Он коротко хмыкает, скрывая за этим звуком своё беспокойство. Мы чувствуем друг друга на ментальном уровне, поэтому бесполезно отмазываться и делать вид, что ничего не произошло.
Спасаюсь его объятиями, губами и дикими поцелуями.
Северов прижимает меня к подоконнику и в один рывок усаживает на него. Пристраивается между моих раздвинутых ног и жадно целует, пока не звенит звонок.
— Люблю тебя, маленькая. — шепчет и толкается напряжённым членом в горящую от возбуждения промежность.
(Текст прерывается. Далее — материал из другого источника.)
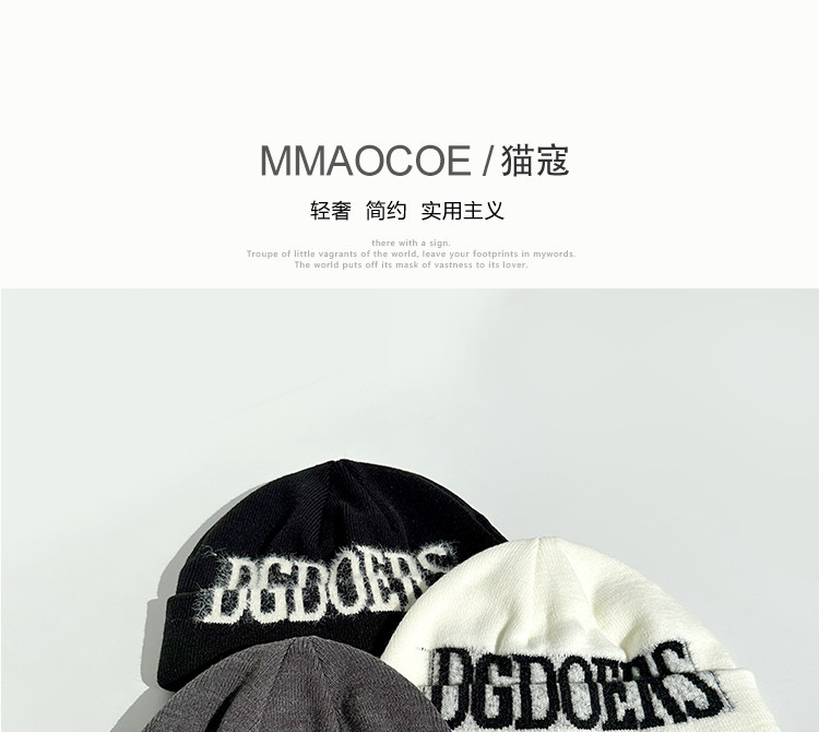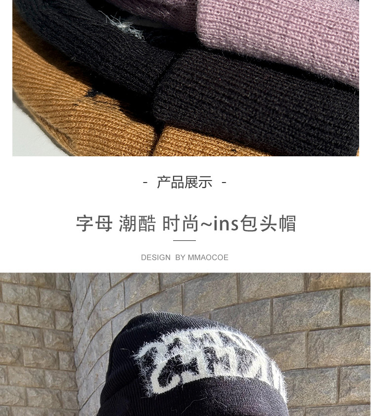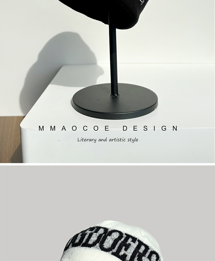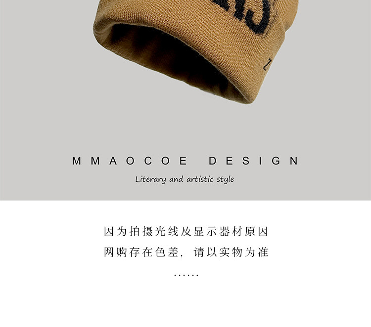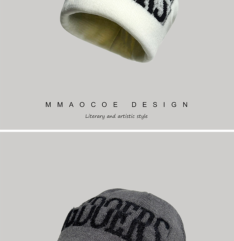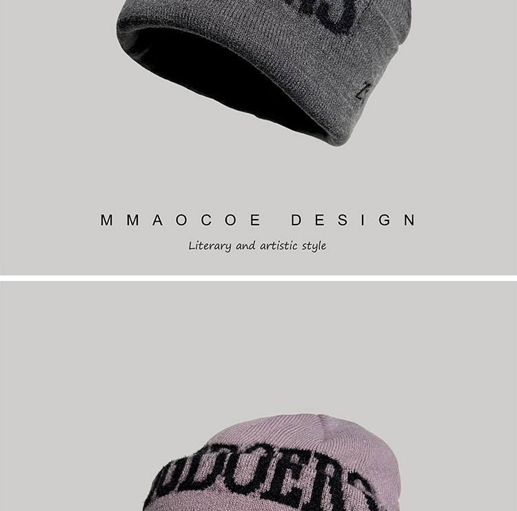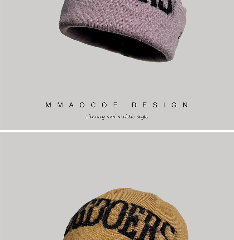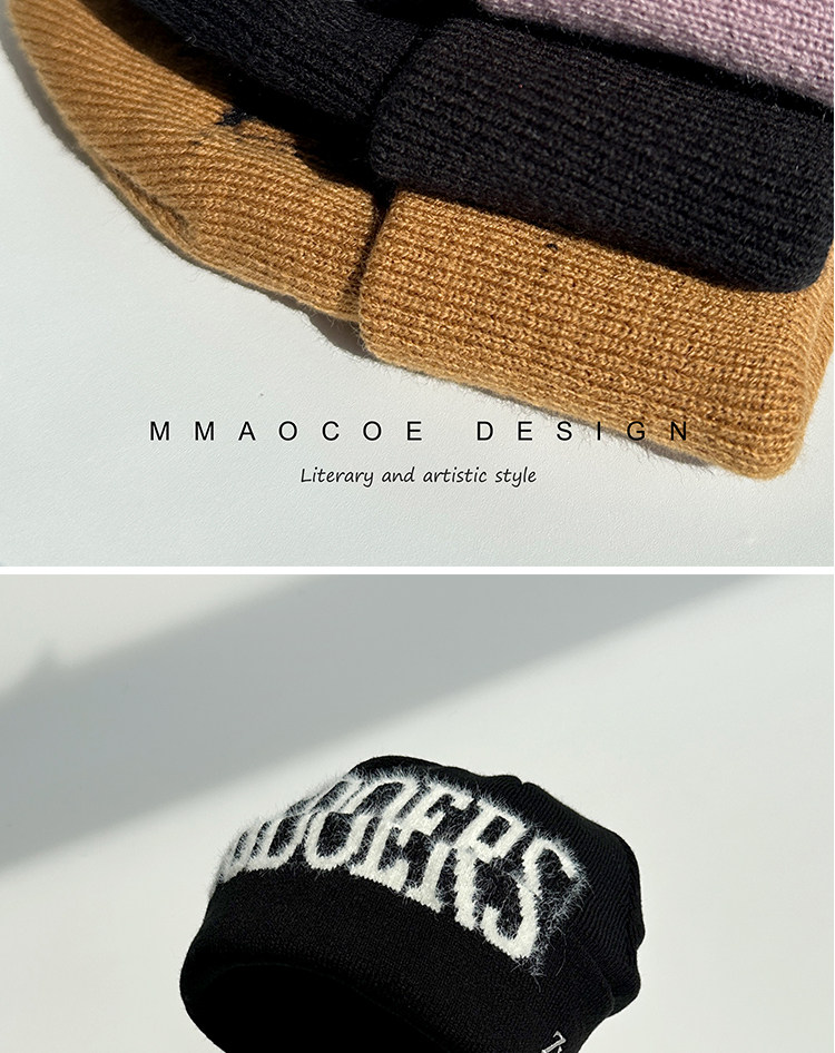 American-Style Trendy Brand Letter Knit Hat for Women, Winter Warm Wool Hat That Makes the Face Look Smaller, Cold Weather Hat with Ear Protection and Full Head Coverage

Всего пара поцелуев, и я готова прямо сейчас отправится с ним домой, но вместо этого иду на пару, бросив перед этим:
— И я тебя люблю, Тёма.
Примерно в том же ритме проходит и весь оставшийся день. Занятия по большей части я провожу в телефоне, а на переменах нескончаемые поцелуи, и с каждым разом они становятся всё откровеннее и необузданней. Перед последней парой Артём уже буквально трахает мой рот, не скрывая похотливого желания. Мой ответ на его действия не менее животный.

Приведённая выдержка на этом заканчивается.